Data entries
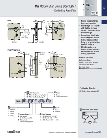 607MA - BB - D L T - HH - FF 0MA McCoy Star Swing Door LatchKey Locking Round Trim• Marine-grade materials to prevent corrosion• Provide high-end security with the Star Key Lock system’s three-axis six-pin tumbler design• Prevent door lift-off with the Star Key Lock hooked locking mechanism that features an active locking deadbolt facing up• Offer the option of an interior privacy knob with exterior override for nonlocking applicationsMaterial and FinishLock engine: BrassHandles, escutcheons, accents and privacy knob: BrassSee Finish Table10.5(.41)71(2.8)48.5(1.91)3.4(.13)45 (1.77) 98(3.85)43.5(1.71)18.3(.72)Ø26(1.02)Ø55(2.17)48.5(1.91)Ø34 (1.3)16.3 (.64)18 (.71) 2.2 (.09)7.5 (.3)Inside escutcheonLatch moduleLock moduleWasher Drive barHandleAccentSet screw #10 Keyway assemblyOutside escutcheonInterior privacy knob assemblyT Lock___________________________________________________________________________ Part Number SelectionFF Finish10 Chrome20 Satin (matte chrome)D Directional2 Right Out3 Right In4 Left Out5 Left InT Door Thickness0 22-30mm (7/8” - 1 3/16”)1 28-37mm (1 1/8” - 1 1/2”)2 36.5-45mm (1 7/16 - 1 3/4”)L Locking Option3 Star key lock (2 Star Keys included)5 Privacy knob with emergency egressBB Latch Mechanism02 McCoy Star Standard Springbolt07 McCoy Star Double SpringboltHH Handle01 Nova02 PortofinoLeftHand outLeft Hand inRight Hand outRight Hand inPanel Preparation62.5(2.46)Ø23 (.91)2 (.08)71(2.8)166.3 (6.55)138(5.43)16.3 (.64)13 (.51)58.7(2.31)43.5(1.71)16 (0.63)45(1.77)27.7 (1.09)2X Ø6.5 (.26) Ø16 (.63)Ø23 (.91)44.5 (1.75)D Directional Door Swing:www.southco.com/MA(For Strikers please see page 609)Dimensions in millimeters (inch) unless otherwise stated
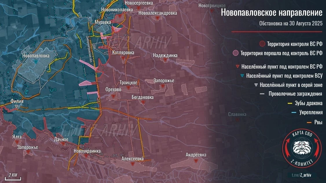 Карта боевых действий на Украине. Обстановка в зоне СВО на 31.08.2025
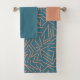Este conjunto de toalhas tem um pano de lavagem rosa, uma toalha de mão teal, e uma toalha de banho com um design moderno do século médio de linhas ziguezaguis a rosa e um fundo em brasa. Se você quiser o mesmo design com cores diferentes, me mande uma mensagem.
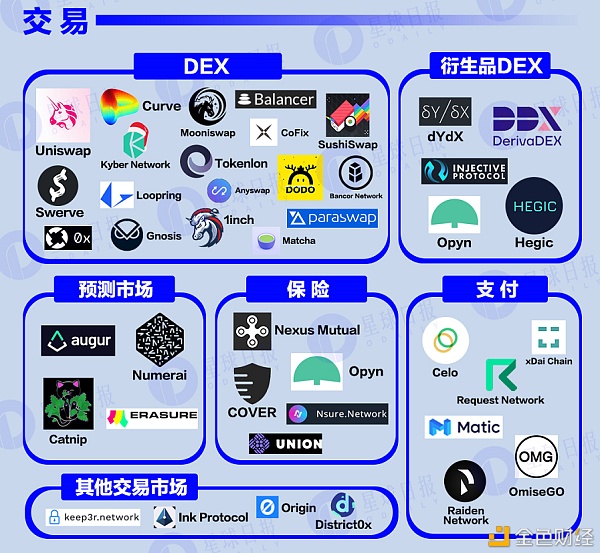 之所以做如此区分,皆因本文含有一条副线,在按业态分类之外,仍囊括 DeFi 的基础设施部分进来。它们虽不算是严格意义上的 DeFi,但却是 DeFi 离不开的原料和工具。
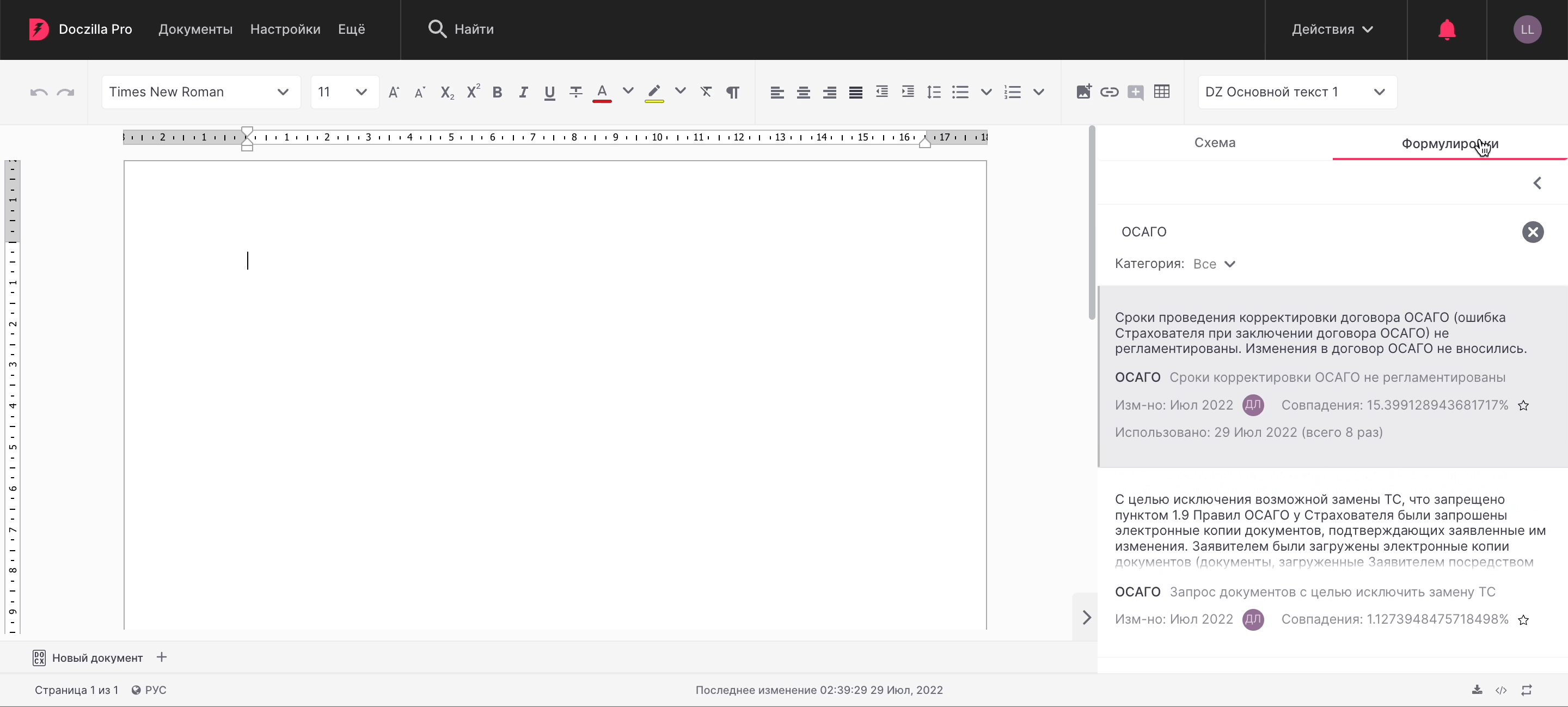 В Doczilla вы можете создать свою собственную библиотеку формулировок, дополнять и корректировать ее. Как настраивать формулировки мы рассказываем здесь.
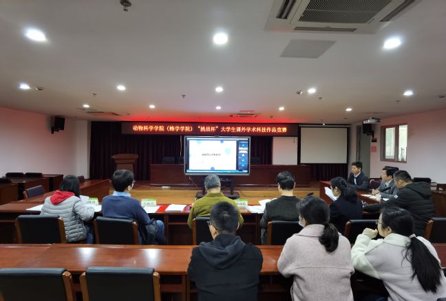 3月7日,动物科学学院(蜂学学院)于新圣农楼7楼大会议室通过腾讯会议平台举办“挑战杯”大学生课外学术科技作品选拔赛。比赛邀请了院长陈吉龙、生命科学学院林向民教授、张灵玲教授、植物保护学院潘晓鸿副教授、林学院吴松青副教授担任评委。院党委书记黄毅军、副书记徐通明、政工干部、指导教师、学生代表观摩比赛。
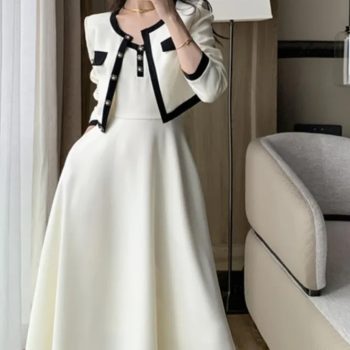 Fleepmart Elegant 2-Piece Dress Set for Lady Short Coat A-Line Midi Camisole Dresses Slim Korean Fashion Female Suit Spring Autumn New
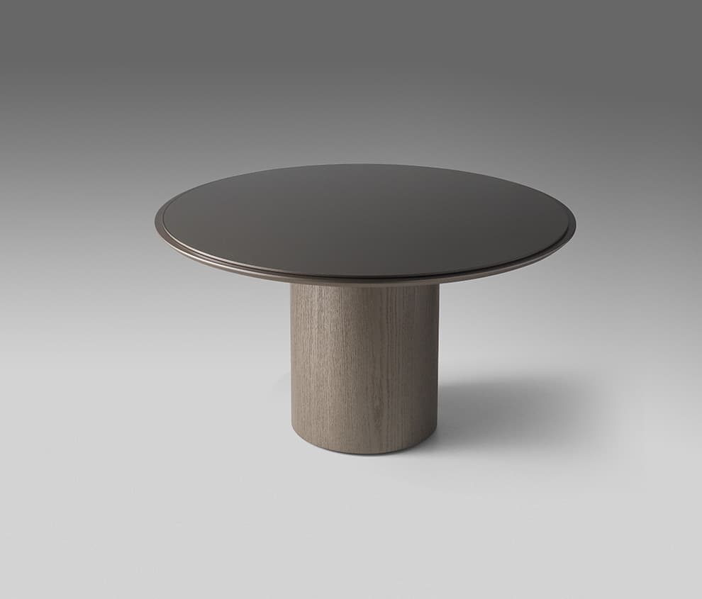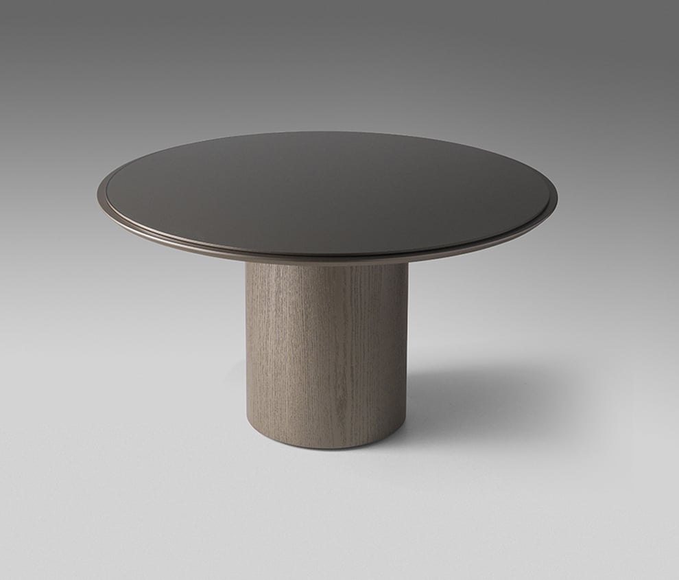A Mesa Linter Bax caracteriza-se pela sua robusta base cilíndrica revestida em lâmina de madeira. A sobreposição de tampos arremata a composição de materiais, já que a mesa possui dois: em vidro e madeira e com diâmetros diferentes. Conferindo um desenho único para a superfície.
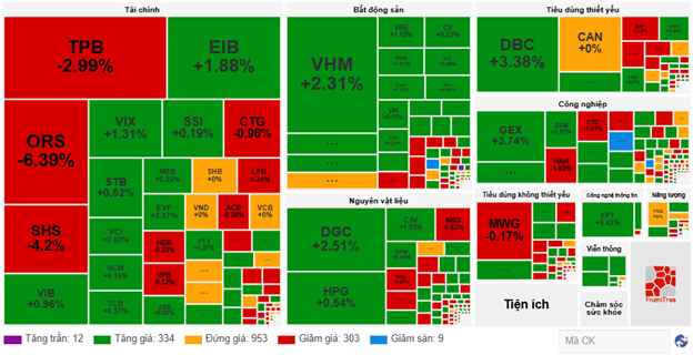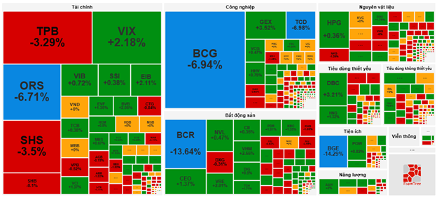 Ở chiều ngược lại, thị trường vẫn đang chịu sự tác động không mấy tích cực từ nhóm ngành tài chính. Trong đó, tiêu biểu là các mã cổ phiếu như ORS giảm 6.39%, SHS giảm 4.2%, TPB giảm 2.99%, CTG giảm 1.08%, ACB giảm 0.38%,…
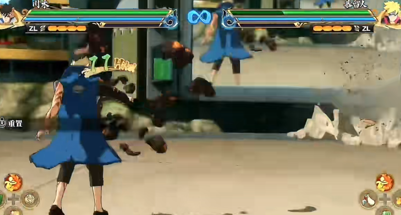 上段攻击第五段用手刀将敌方砍退,第六A放大黑棒使敌方浮空。川木的空中攻击最后一段很强,打满有一个大范围的持续性伤害,最后一段使敌方跪地可以连招。如果前后摇太大用3A打行接也是可以的,打满需要稍微等一下,如果立刻接冲刺可能会打空。因为连续受到伤害时会触发一个很小的无敌帧,可能会导致技能打空。反面时最后一段可能会丢出场外,这一点也需要注意一下。投技命中敌人会使对面跪地,可以接其他的攻击。施法速度很快,可以打断很多的忍术和奥义,算是目前来看非常强势的一个投技了。
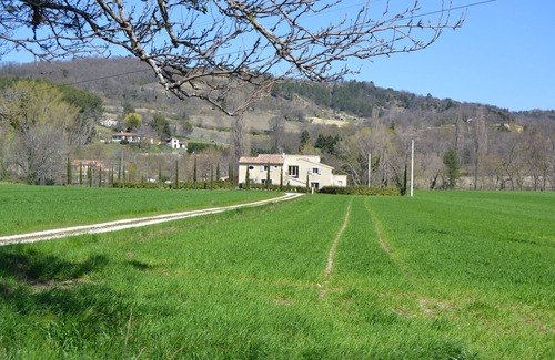 The landhouse, restored in 2011, is located in the countryside, in the midst of green fields of sight. It enjoys complete privacy. In the south, a white gravel terrace with large teak table and chairs will be your favourite place for dinner under the canvas arbor and for laze and enjoying cicadas singing, two other pretty canvas arbors are available. A second terrace is located toward the bottom bedroom and still side of the house, a semi-covered terrace is also available. A walk path leads directly to a small river, "Le Jabron." The large pool has a background in diamond point 1m80 deep and grand staircase gradual descent. It is nicely furnished with a small garden of aromatic plants and an outdoor shower.
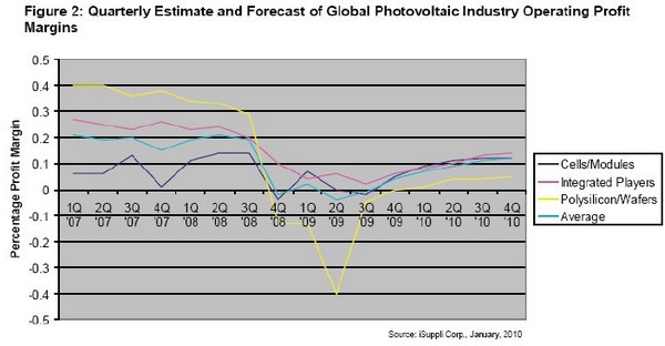 iSuppli 公司的分析結(jié)果顯示,繼2009 年大部分時間虧損之后,廠商在第四季度恢復盈利。預計2010 年獲利情況將繼續(xù)改善,但不會回升到經(jīng)濟衰退之前的水平。iSuppli 公司預測,光伏產(chǎn)業(yè)多數(shù)領域的平均利潤率將在2010 年第四季度前回升到10%以上。但是,供應過剩的多晶硅領域的扭虧步伐將落在后面。驅(qū)動降低成本計劃盈利情況改善的主要因素,是追上價格下跌的速度。
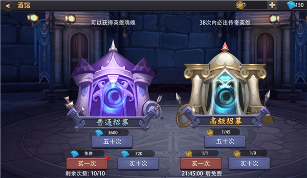 1、进入游戏内,玩家可先在酒馆内进行普通或高级英雄招募。
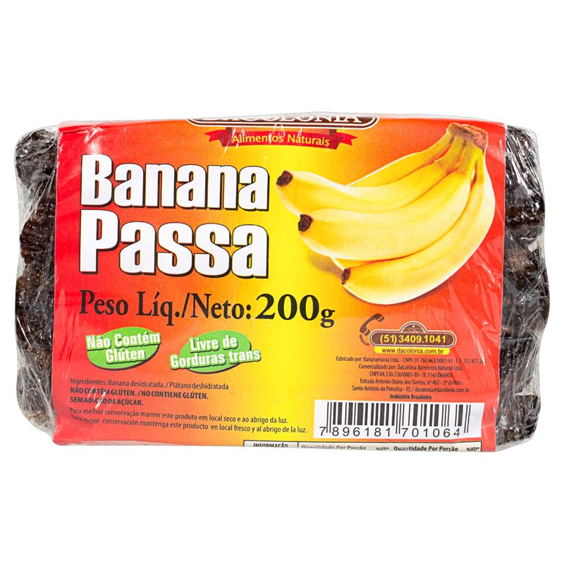 Em embalagem de 200g, a Banana Passa Dacolonia é fácil de armazenar e levar para onde você for. Ideal para quem tem uma rotina agitada e precisa de um lanche rápido e nutritivo. A qualidade Dacolonia garante que você está consumindo um produto que respeita os mais altos padrões de produção, focando sempre na saúde e bem-estar dos consumidores.
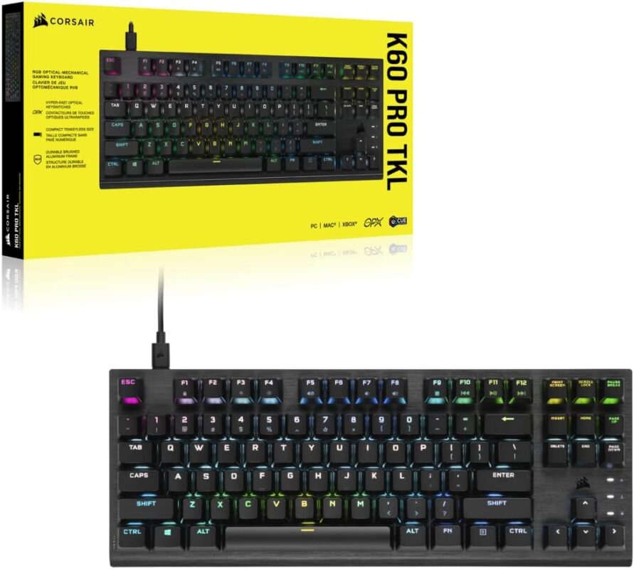 Corsair K70 CORE TKL RGB Tenkeyless Mechanical Wired Gaming Keyboard ?C Pre-Lubed MLX Red v2 Linear Switches, SOCD, ABS Double-Shot Keycaps, Sound Dampening, 1000Hz Polling, QWERTY NA ?C Black

--- Task brief ---
Quote, please, only the lines running from the one with "1、进入游戏内,玩家可先在酒馆内进行普通或高级英雄招募。" down to the final line of the data above, keeping both ends and skipping the pictures.

--- Written answer ---
 1、进入游戏内,玩家可先在酒馆内进行普通或高级英雄招募。
 Em embalagem de 200g, a Banana Passa Dacolonia é fácil de armazenar e levar para onde você for. Ideal para quem tem uma rotina agitada e precisa de um lanche rápido e nutritivo. A qualidade Dacolonia garante que você está consumindo um produto que respeita os mais altos padrões de produção, focando sempre na saúde e bem-estar dos consumidores.
 Corsair K70 CORE TKL RGB Tenkeyless Mechanical Wired Gaming Keyboard ?C Pre-Lubed MLX Red v2 Linear Switches, SOCD, ABS Double-Shot Keycaps, Sound Dampening, 1000Hz Polling, QWERTY NA ?C Black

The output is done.